Le vélo a une place très particulière en France. C’est un loisir très pratiqué, le marché est conséquent, il s’est vendu 2,8 millions de vélos en France en 2013, soit davantage que le nombre de voitures (1,8 million). 1,5 milliard d’euros, c’est le chiffre d’affaires du secteur vélo toujours pour 2013, en hausse de 3,1% par rapport à 2012. Une grande majorité des vélos achetés ont pour destination le sport ou le loisir, notamment le VTT mais le marché de la mobilité urbaine serait en progression.

La France n’est pas la Hollande, ni le Danemark, loin s’en faut et si les français aiment passionnément le vélo, il me semble que le Tour de France et la culture du cyclisme qui va avec, domine largement leur vision collective de la bicyclette. Ce n’est en aucun cas un reproche mais une constatation. Tant et si bien que le vélo urbain, le beau vélo, le vélo un peu différent qu’il soit fixie ou autre, est non seulement minoritaire, mais souvent catalogué comme un objet de bobos ou d’excentriques, quand les nouvelles tendances du VTT, elles, sont reléguées à mon sens un peu trop vite dans la case « sport extrême ». Par ailleurs, pour une autre grande majorité d’utilisateurs qui n’adhèrent pas à l’aspect sportif du sujet, le vélo est un moyen de déplacement, pas une culture, encore mois un objet avec lequel on a une « relation » passionnelle.

Il y a pourtant de multiples façons de d’appréhender et d’aimer le vélo et les signes démontrant cette forme d’adhésion existent bel et bien.

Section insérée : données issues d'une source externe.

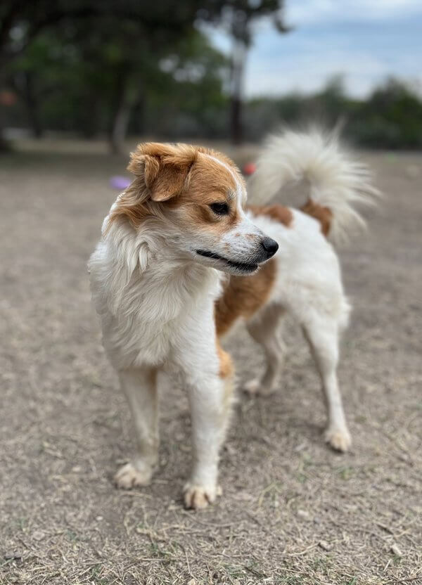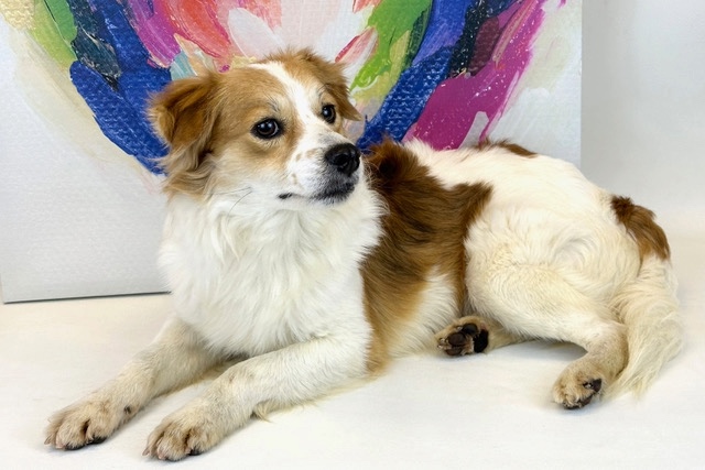 This handsome 4-year-old terrier mix, with his beautiful red-and-white coat, was one of the 48 dogs rescued from a difficult hoarding situation. Despite everything he’s been through, Nutmeg’s heart is full of quiet sweetness.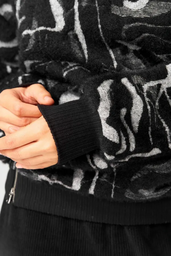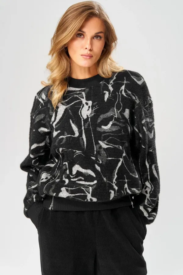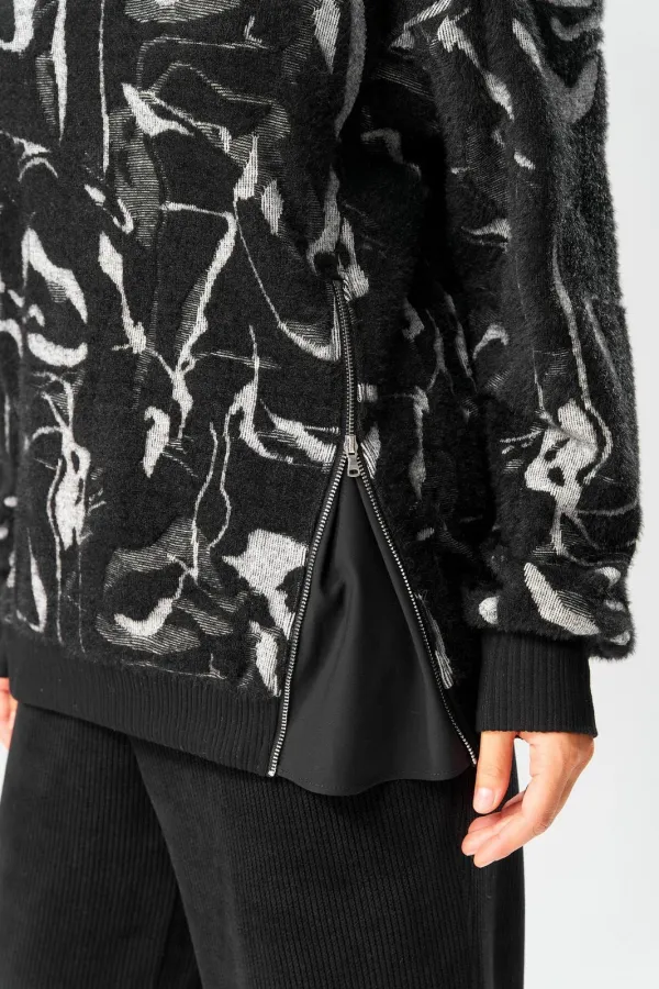 Вырез горловины округлой формы, с втачной бейкой. Детали переда с рельефными швами, которые заканчиваются застежкой на функциональную тесьму-молнию и с вставкой из декоративной ткани. Молнии позволяют регулировать ширину и длину изделия. Джемпер со спущенной линией плеча, рукава втачные одношовные с притачными манжетами.

En mars dernier, j’avais parlé ici-même de ces nouveaux lieux hybrides à la faveur d’un sujet publié par Libération, et que la journalistes avait nommé les « bicycletteries ». Des sortes de nouveaux types de magasin de vélo, lieu de convivialité et d’art de vivre, à mi chemin entre le café et le shop « classique », avec un positionnement moins terre à terre qu’un lieu de vente traditionnel, donc davantage axé sur le style et cette « autre » culture du vélo.

Si nous remettons ça sur le tapis aujourd’hui c’est en raison de cette toute nouvelle vidéo réalisée pour la marque Levi’s. Elle montre un vélo/objet pas systématiquement différent d’ailleurs mais une relation et une utilisation très liée aux mouvances urbaines, à la culture street, ainsi qu’à la mode. Elle montre un vélo qui n’est ni un « simple » moyen de transport, ni un objet sportif. Levi’s n’est pas la seule marque à s’y intéresser mais sa seule présence et sa ligne de vêtements dédiés suffit à donner du poids. Rien ne nous interdit de cultiver ici aussi cette vision du vélo.